=== Given data ===
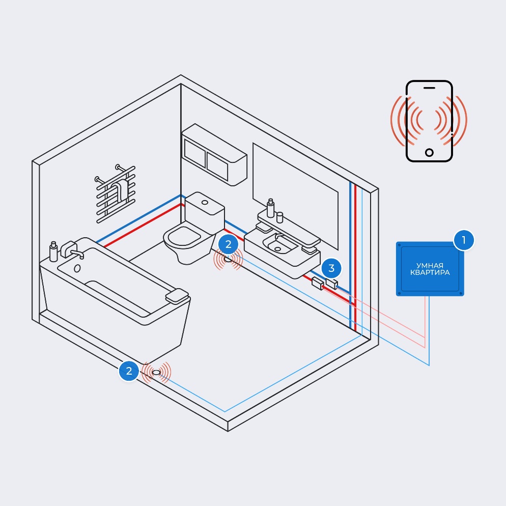 Датчики протечек в мокрых зонах квартиры фиксируют аварии в системе водоснабжения и моментально перекрывают подачу воды, уведомляя об этом жителя
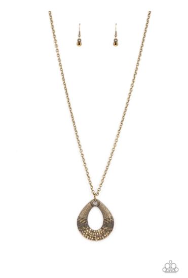 Studded and embossed in bands of texture, the bottom of a hammered brass teardrop is encrusted in golden topaz rhinestones, creating a glitzy pendant at the bottom of a lengthened brass chain.
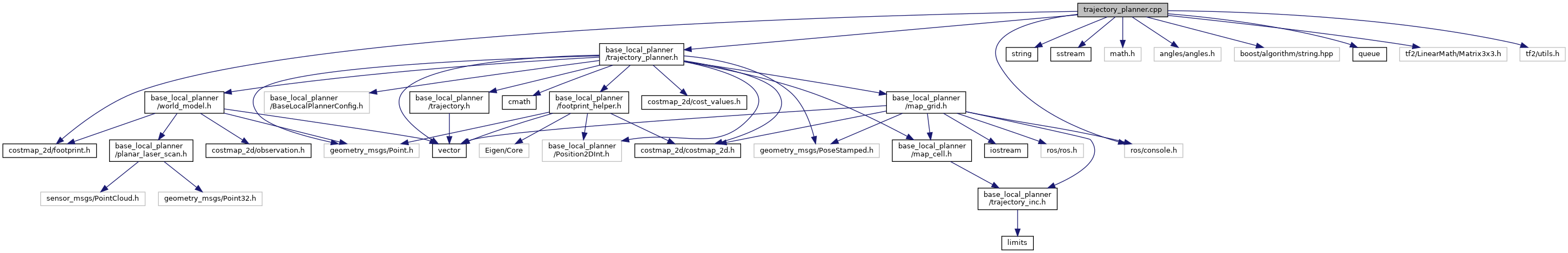 #include <base_local_planner/trajectory_planner.h>#include <costmap_2d/footprint.h>#include <string>#include <sstream>#include <math.h>#include <angles/angles.h>#include <boost/algorithm/string.hpp>#include <ros/console.h>#include <queue>#include <tf2/LinearMath/Matrix3x3.h>#include <tf2/utils.h>
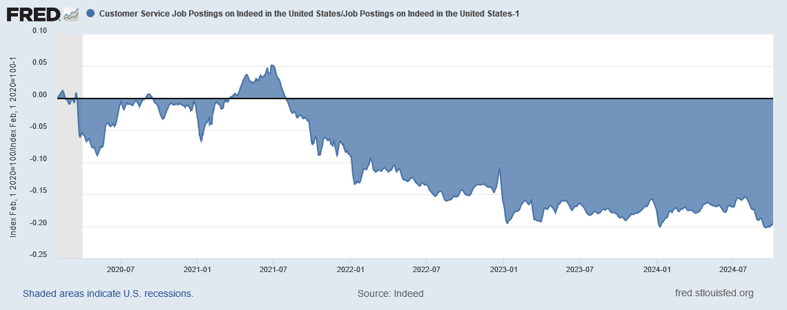 This dramatic downturn in customer service representatives is already visible in Indeed.com job openings data, which has proven itself to be a moderately reliable forecaster of employment in this sector. Openings are down over 20% relative to the job market as a whole since early 2022 and continue to drop.
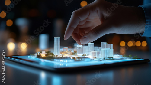 A hand interacting with a futuristic 3D cityscape displayed on a glowing touchscreen.
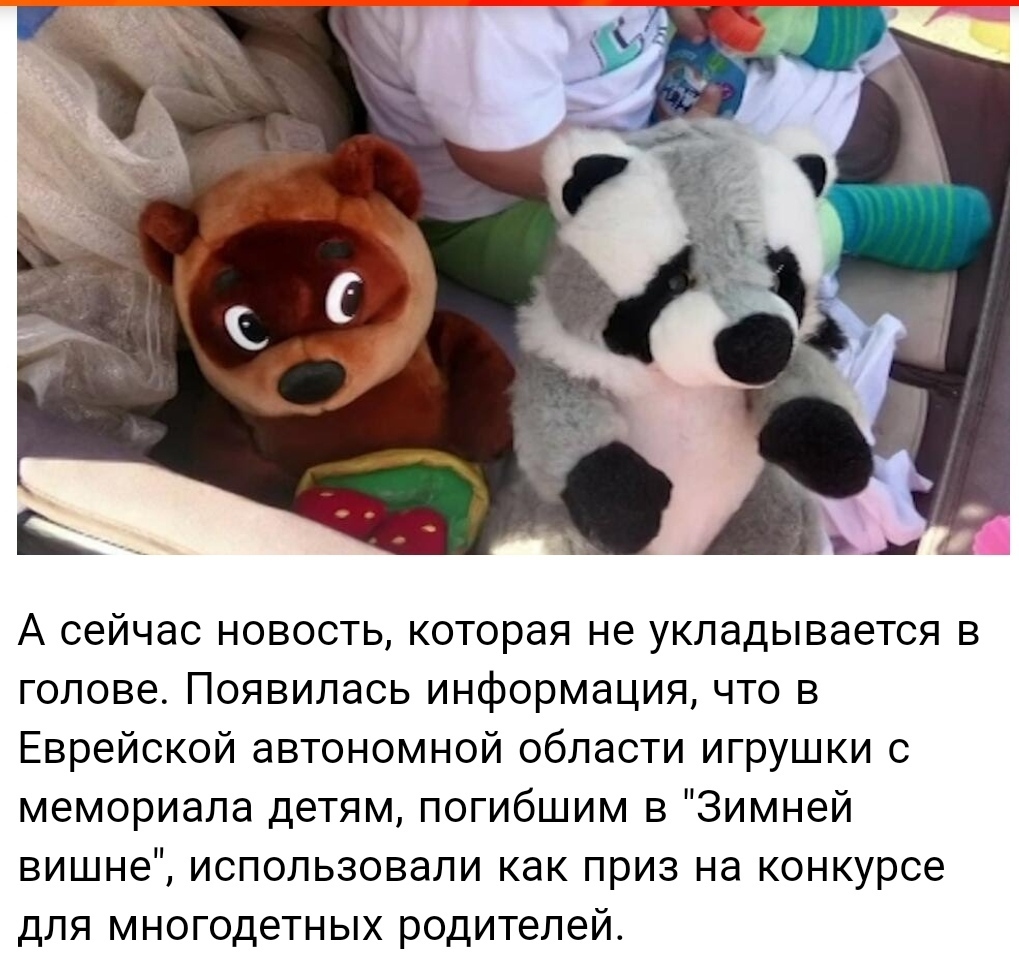 В случае с новостью о том, что временный мемориал логично разобрали, так как он был временный, а игрушки отправили в детский дом, некоторые явно переусердствовали с интерпретацией событий и добрались до крайностей: якобы это почти то же самое, что подарки с могилы.
===
* [About this task]:
Quote the lines above exactly, starting with the one that has "Studded and embossed" and ending with the one that has "<string>#include <sstream>#include <math.h>#include"; drop the pictures and include nothing else.

* [Output for this task]:
 Studded and embossed in bands of texture, the bottom of a hammered brass teardrop is encrusted in golden topaz rhinestones, creating a glitzy pendant at the bottom of a lengthened brass chain.
 #include <base_local_planner/trajectory_planner.h>#include <costmap_2d/footprint.h>#include <string>#include <sstream>#include <math.h>#include <angles/angles.h>#include <boost/algorithm/string.hpp>#include <ros/console.h>#include <queue>#include <tf2/LinearMath/Matrix3x3.h>#include <tf2/utils.h>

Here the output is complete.